SCHEMES OF ARRANGEMENT UNDER THE COMPANIES ACT

Schemes of arrangement have been described as complex and difficult to organise, demanding of expensive legal resources and generally the preserve of larger companies.97 Like Chapter 11 reorganisation plans they involve multiple court applications, division of creditors into classes and the requirement to obtain judicial sanction of the scheme. On the plus side, some of the detailed requirements of Chapter 11 are absent but on the minus side, the moratorium, which is such a conspicuous feature of Chapter 11, is not an inherent part of schemes of arrangement. The latter difficulty is removed, however, if the scheme comes as part of an administration because advantage can then be taken of the moratorium that accompanies administration. While schemes of arrangement can be, and have been used, to buy out minority shareholders compulsorily, they have also been used to facilitate corporate restructurings.
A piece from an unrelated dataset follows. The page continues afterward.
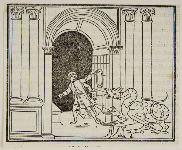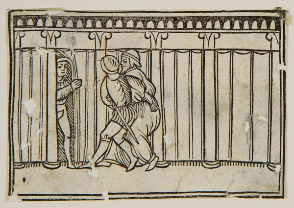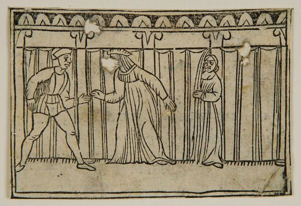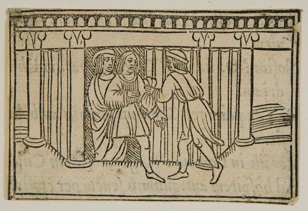 Editor: This anonymous piece, "Book VII.4. Marcus Pomponius is threatened by Titus Manlius," depicts quite a tense scene, doesn’t it? It's fascinating how the artist captured so much drama with simple lines. What stands out to you about the materials and production of this image? Curator: The woodcut medium itself speaks volumes. Its accessibility meant this narrative, and likely the book it's from, could reach a wider audience. Consider how this mass production, this democratization of images, shifts power dynamics. Who is consuming this, and what action might they take? Editor: That's a perspective I hadn't considered. It makes you wonder about the social impact of affordable artwork. Curator: Exactly! Think about the labor involved, the wood, the ink, the press. It's not just about the image; it's about the means of its creation and dissemination, and what social commentary it inspires. Editor: I see what you mean. Thanks for opening my eyes to that. Curator: My pleasure. It's crucial to remember that art is rarely divorced from the socio-economic realities of its time.

Schemes of arrangement enable a company, irrespective of solvency, to enter into a compromise or arrangement with any class of creditors, or members. In this way, the capital structure of companies in financial

97 See generally on the process Andrew Wilkinson, Adrian Cohen and Rosemary Sutherland ‘Creditors’ Schemes of Arrangement and Company Voluntary Arrangements’ in Harry Rajak ed Insolvency Law: Theory and Practice (London, Sweet & Maxwell, 1993) p 319.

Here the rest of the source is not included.